Pembina Pipeline locks down the Duvernay
Plus: bullish calls for Crew Energy and Raging River Exploration
When he was younger, Max Fawcett wanted to make a mint in the markets. Now as the managing editor of Alberta Venture he gets to write about them. Close enough, right? He can be reached at email@example.com
by Max Fawcett
Enbridge (TSE:ENB) may be the pipeline company getting all the attention this week with the NEB expected to rule on its Northern Gateway project on Thursday, but Pembina Pipeline (TSE:PPL) stole a bit of the spotlight today with an announcement that it has reached binding agreements with shippers to add $2 billion worth of new pipelines to its existing network in northwest Alberta. It expects to have what it’s calling the “Phase III expansion” up and running somewhere between the end of 2016 and mid-2017.
Investors liked the news, bidding Pembina’s shares up more than four per cent on Tuesday, and they aren’t alone. FirstEnergy’s Steven Paget said that it was “a very significant event for Pembina, as it has won a project that adds 13 per cent to its current EV, defended its pipeline franchise in the northwest corner of the basin and created potential additional demand for its processing, storage and logistics services at Edmonton. Putting it another way, producers handed Pembina near-exclusive control over the liquids pipeline business in the Montney/Northern Duvernay part of the basin when they could have supported another midstream company and created some additional pipeline competition. It shows that producers trust the company to treat them fairly over the long term and it is therefore a reputational win for Pembina.” That reputational win, Paget wrote, could have a spillover effect (probably not the right figure of speech to use when referring to a pipeline …) in terms of additional storage and terminal services business, although FirstEnergy hasn’t included that in its modeling. Still, it likes the agreement, and bumped its price target to $38 per share with an outperform ranking.
Another company that’s been hitting it out of the park of late is Raging River Exploration (TSE:RRX), a track record that’s particularly impressive when compared to those of its fellow junior E&P companies. And if the shape of its 2014 capital budget is any indication, things should continue in that direction in the year ahead. Its $215 million development program is expected to grow production by 38 per cent to 11,000 boe/d, with most of that activity taking place on its Viking properties. FirstEnergy’s Robert Fitzmartyn thinks it bodes well for the company. “Having assembled a sizeable 200 net section position in the Viking play, holding in excess of 1,900 net low risk, high netback drilling opportunities that are set to grow production by 63 per cent (debt-adjusted) in 2014e based on the company’s initial outlook, which we fully expect to move higher throughout the year, we are reaffirming our top pick ranking on an unchanged target price of $9.00 per share.”

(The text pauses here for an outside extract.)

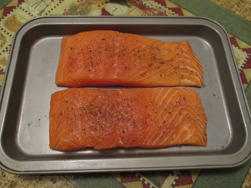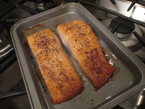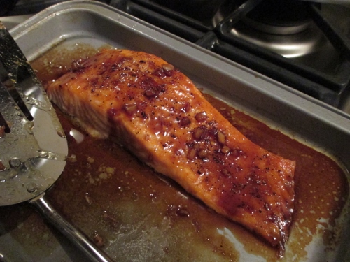 Then season to taste the salmon pieces with the sea salt and black pepper. Don’t over do the sea salt. Place the pieces on a pan to broil or grill. If broiling, broil the salmon three to four inches below the heating coil for 6 to 9 minutes depending on thickness, and until there is a slight crispiness on the top, but make sure the salmon is not overdone. If more than 3/4 inch thick, it may take longer. Watch carefully, and just before the last minute you can brush some of your sweet bourbon glaze lightly on the top of the salmon.

And AltaCorp Capital’s Jeremy McCrea issued a note earlier this week highlighting the upside potential of Crew Energy (TSE:CR), noting that its ability to drive down costs on its Montney wells is particularly intriguing. “Today, costs have fallen to $4.7 million with initial production rates increasing to 8.0 million cubic feet per day – all with the shift to open-hole completions and increasing frac intervals. Investors who continue to model production based on prior year capital efficiencies will likely underestimate growth going forward, especially into 2015. In terms of NAV, the current valuation also has investors only paying for approximately 60 Montney-liquids locations (or 10 sections of the 377 total sections), a value that we believe is just too low considering no additional upside value for its other assets.” He has a $10 target on Crew’s shares and an outperform rating.